Benchmarking Skep
This is a maintainer / evaluator tool, not a CLI verb.
Skep deliberately does NOT ship a
skep benchmarktop-level command. Benchmarks run through a script from a checked-out copy of the skep repo; they are not part of the daily user surface. The tool’s always-on observability (tokens_usedon every task, visible inskep task showandskep workspace watch) covers the “what did this cost me?” question for everyday users. The harness inbenchmarks/is for producing reproducible A/B numbers — the kind you put in a blog post or README table.
The harness measures the real token cost of running a task through
Skep vs running the same task with plain claude -p and no Skep MCP.
The three-tier observability policy
Section titled “The three-tier observability policy”| Layer | What | Where it lives | Who runs it |
|---|---|---|---|
| 1. Always-on | tokens_used + tools_used_json on every task row | Built into the executor (internal/agent/session_usage.go) | Runs automatically on every skep task run. No flag, no opt-in. |
| 2. A/B harness | bench.sh + aggregate.go | benchmarks/ in the skep repo | Maintainers and evaluators, manually, once per numbers-producing session |
| 3. No CLI verb | — | — | — |
There is no skep benchmark command, no --benchmark flag on
skep task create, and no --benchmark flag on create_remote_task.
That is intentional and explained at the bottom of this page.
What is measured
Section titled “What is measured”Three numbers per (repo × task):
-
Classifier+plan — one-shot LLM call with a pre-built context from the index. Skep-only; no baseline comparison exists because without skep there is no classifier at all. Captured as wall clock + exit code.
-
Executor baseline — plain
claude -p "<task>" --allowedTools Edit,Write,Bash, no MCP, no pre-built plan. Claude explores the repo withRead/Grep/Globas needed. This is what you’d pay to run the task without skep. -
Executor with MCP — same
claude -p "<task>"but with--mcp-configpointing at skep’s stdio MCP server. Claude can callsearch_symbols,get_file_context,get_call_graph, etc. instead of reading files cold.
The comparison that matters: (classifier + executor_with_MCP) vs
executor_baseline.
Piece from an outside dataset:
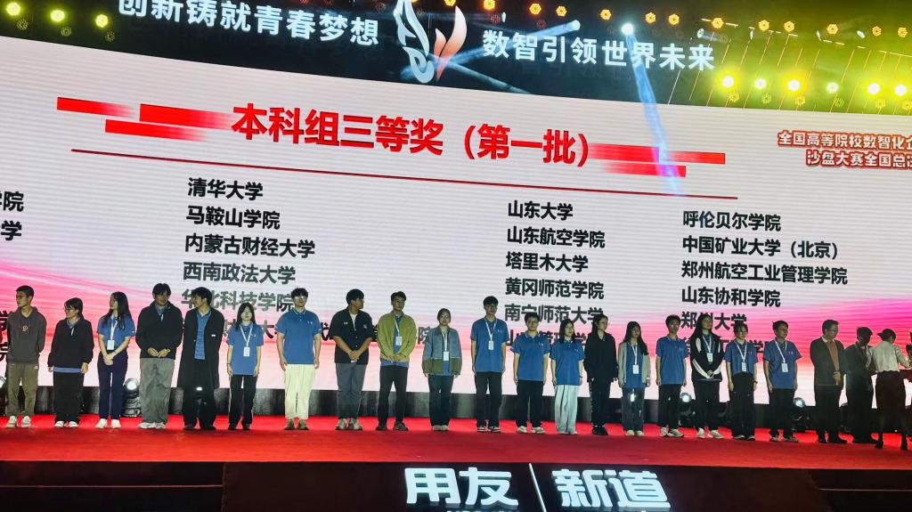 2024年9月21日-22日,beat365学子在2024全国高等院校数智化企业经营沙盘大赛全国总决赛中再创辉煌,在王新媛老师和国林老师的指导下,beat365官方网站ERP沙盘协会4名队员,凭借扎实的理论知识、敏锐的市场洞察力以及卓越的团队合作能力,以内蒙古赛区选拔赛第一名的成绩进入全国总决赛并荣获全国三等奖。

Skep wins when the sum is smaller.
Running
Section titled “Running”# 1. Build the measurement tool(cd benchmarks/measure && go build -o ../measure.bin .)
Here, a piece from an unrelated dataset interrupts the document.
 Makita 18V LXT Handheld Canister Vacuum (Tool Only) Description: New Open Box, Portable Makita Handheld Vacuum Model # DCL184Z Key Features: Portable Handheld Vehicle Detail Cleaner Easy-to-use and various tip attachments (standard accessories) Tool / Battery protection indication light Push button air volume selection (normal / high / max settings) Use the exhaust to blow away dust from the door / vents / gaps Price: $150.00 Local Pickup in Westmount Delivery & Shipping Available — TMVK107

# 2. Run the matrix. Pass one or more already-initialized repo paths../benchmarks/bench.sh ~/code/backend ~/code/mobile
# 3. Aggregate the results into a markdown table.go run ./benchmarks/aggregate.go benchmarks/results/<timestamp>/ \ > benchmarks/results/<timestamp>/results.mdEach task runs three times per repo (classify → baseline → with-MCP), each on a throwaway branch that is deleted after measurement. Your working tree is not touched.
Prerequisites
Section titled “Prerequisites”skepinstalled on PATH (make install)claude(Claude Code CLI) on PATH- Each target repo already through
skep initwith a valid llm configured (the classify step uses the configured classify model) - Go 1.21+ for the measure tool and aggregator
Dedup benchmark
Section titled “Dedup benchmark”A second, smaller harness lives at benchmarks/dedup/. It evaluates
the four cheap dedup layers (keyword → trigram → tf-idf → minhash)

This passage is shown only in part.